We have seen images of what may be two of the key attractions from CES 2022. Some nice, clear photos of what appears to be packaging for an Asus GeForce RTX 3090 Ti TUF Gaming graphics card have been shared by IT Home. Meanwhile, XanxoGaming have purchased an Intel Core i5-12400F and taken photos of both the packaging and contents. Let us take a closer look at the revelations, below.
Asus GeForce RTX 3090 Ti TUF Gaming graphics card
This packaging is clearly ready to sleeve a shiny new RTX 3090 Ti from Asus’s TUF stables. It is interesting to see an Asus “value” gaming brand first out of the leaky gates with this GPU, rather than a more premium ROG Strix, or even an advanced cooling or AIO hybrid card.
VideoCardz put together a comparison photo which makes spotting the changes between the TUF Gaming RTX 3090 and the new Ti model. Immediately obvious is the change to a new fan design, with more tightly-packed blades. The cooler shroud looks a bit thicker too.

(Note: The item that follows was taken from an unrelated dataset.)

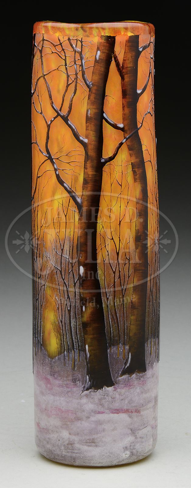 DAUM WINTER SCENE VASE.Daum cylindrical vase has pinched lip and is decorated with cameo barren trees rising from enameled snow covered ground against mottled yellow and orange sky. Trees are beautifully enameled in shades of brown depicting bark with areas of white enameled snow clinging to trees. Signed on underside with faint etched signature “Daum Nancy” with cross of Lorraine. SIZE: 8-1/4″ t. CONDITION: Very good to excellent. 50501-31 (5,000-7,000) – Lot 2508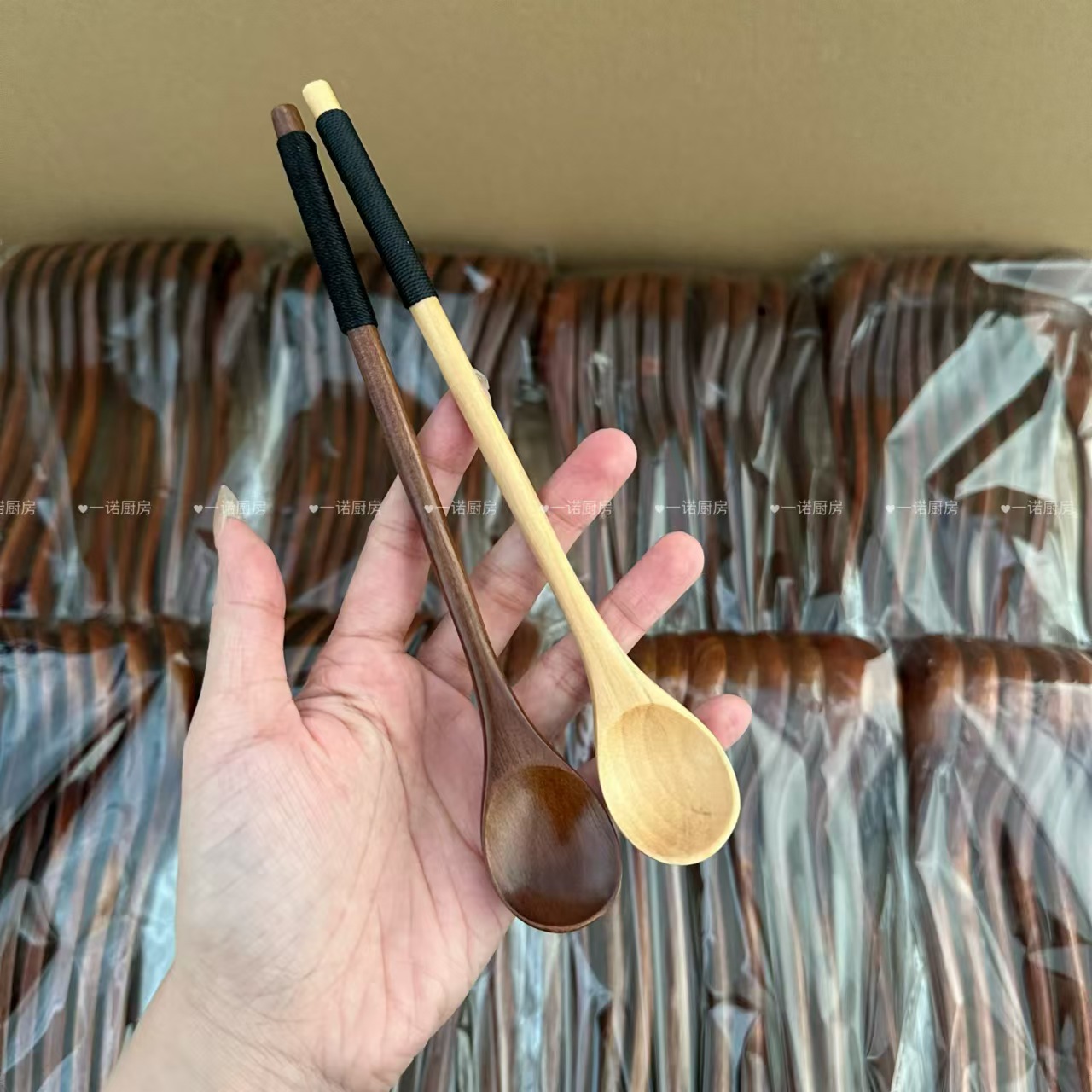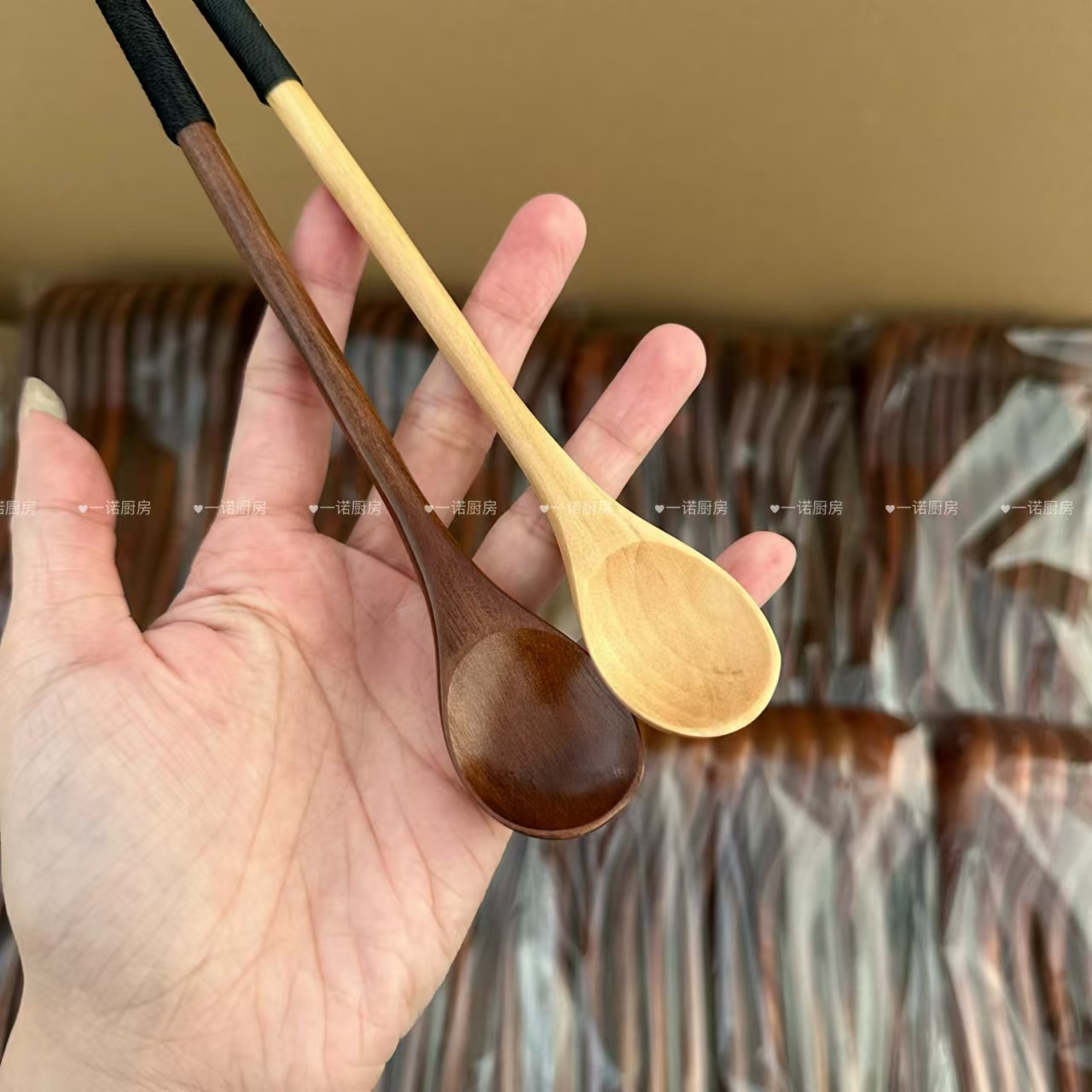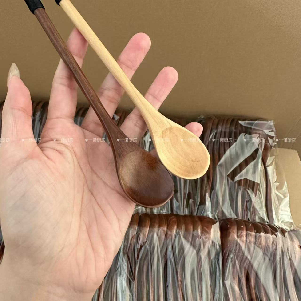 Yino Kitchen Honey Spoon 일본 수제 솔리드 우드 수프 스푼 래커없는 긴 손잡이 혼합 스푼 커피 스푼 작은 나무 숟가락

Sadly, the packaging doesn’t reveal any really interesting specs. All we can see confirmed by the text on the box is that this is a PCIe 4.0 graphics card, not PCIe 5.0. The card’s VRAM quota is just out of shot, but current rumours suggest it will have 24GB of GDDR6X on a 384-bit bus, like its RTX 3090 brother.
What upgrades from the “plain” GeForce RTX 3090 should you expect? The new RTX 3090 Ti GPU should have 10,752 CUDA cores (vs. 10,496 in the RTX 3090), but we don’t have any leaks about the clock speeds. The VRAM will use faster 21Gbps chips from Micron, providing a bandwidth uplift to 1,008GB/s (vs. 936GB/s). Last but not least, we will be looking at a TDP of 450W or so, according to the rumour mill, significantly more than the RTX 3090 with its 350W TDP.
Expect to see the GeForce RTX 3090 Ti officially unveiled by Nvidia at CES 2022 in early January.
Intel Core i5-12400F
Here is a look at a mainstream Alder Lake-S processor, packaging, and the new standard boxed fan. The new Core i5-12400F is a 6C/12T part with 65W TDP. Those six cores are all P-cores, you won’t get E-cores in any chip beneath the Core i5-12600K, according to what we know right now.
As an “F” model, this CPU won’t have a working iGPU. The buyer paid the local equivalent of approx US$180 (before tax) for this Core i5 processor. IGP-enabled versions are said to cost about $205 before sales tax.
It is good to see the design of the new ADL-S stock cooler, the Laminar RM1 model, with ring LED, “confirmed.” Expect this processor and its many siblings, as well as B660 and H610 chipset motherboards, to become official in the first week of January 2022.